Take-Two Interactive traded higher after the videogame publisher received positive reviews from a number of analysts.

Shares of Take-Two Interactive  (TTWO) - Get Report were higher Wednesday after the videogame publisher reported that pandemic-driven demand boosted earnings, prompting positive reviews from analysts at Morgan Stanley, Baird, Credit Suisse, Barclays and Jefferies.

Shares of the New York company at last check rose 5.6% to $177.14.

For the fiscal fourth quarter ended March 31, net income rose to $218.8 million, or $1.88 a share, from $122.7 million, or $1.07 a share, in the year-earlier quarter. The latest result exceeded the FactSet consensus analyst estimate of profit of 97 cents a share.

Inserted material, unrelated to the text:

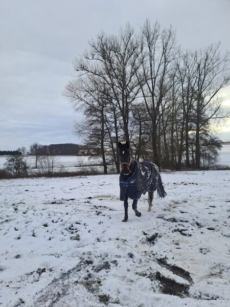 Na sprzedaż jest bardzo przyjazna, dobrze reagująca na człowieka klacz o wyjątkowym wigorze i wyrazie w podstawowych chodach. Posiada doskonałe predyspozycje do sportu ujeżdżeniowego i szczególnie wyróżnia się swoją mocną, energiczną pracą. Klacz przez dłuższy czas nie była jeżdżona, dlatego wyłącznie oddajemy ją w ręce doświadczonych jeźdźców. Potrzebuje pewnego, doświadczonego opiekuna, który chętnie podejmie się odbudowy i dalszego szkolenia utalentowanego konia. Przy odpowiedniej stymulacji jej potencjał ujeżdżeniowy można wspaniale rozwinąć. W kontaktach jest posłuszna, uważna i współpracująca, jednak pod siodłem wymaga jasnego, spokojnego prowadzenia i regularnej pracy. Nie jest to koń dla początkujących – to prawdziwy projekt serca dla jeźdźców z wyczuciem i doświadczeniem. Jeśli szukasz konia z perspektywami, wysoką jakością ruchu i dużym potencjałem rozwojowym, ta klacz będzie ciekawą partnerką na dalszą sportową drogę. Przy poważnym zainteresowaniu prosimy o wiadomość z krótkim opisem.

Revenue climbed 10% to $839.4 million, ahead of the FactSet analyst consensus of  $661.4 million.

Analysts at Morgan Stanley said the latest results showed Take-Two's "ability to drive gamer engagement and monetization across its game ecosystems."

"We continue to believe content investment and innovation is critical to attracting/retaining gamers and wallets as the world reopens ... and these results speak to TTWO's ability to continue to execute on its leading franchises," Morgan Stanley analysts wrote in a note.

Morgan Stanley, which has an overweight rating on the stock, said the company is well-positioned to continue to grow strongly, given "best in class content" and "a large, engaged, and relatively undermonetized player base."

The firm has a price target of $215 on the stock. The "robust pipeline and TTWO’s strong history of execution” will support the stock’s valuation," said Morgan Stanley.

Jefferies analysts affirmed a hold rating on the stock.

The results [were] solidly ahead of expectations as has become the norm for the group this quarter," the investment firm said.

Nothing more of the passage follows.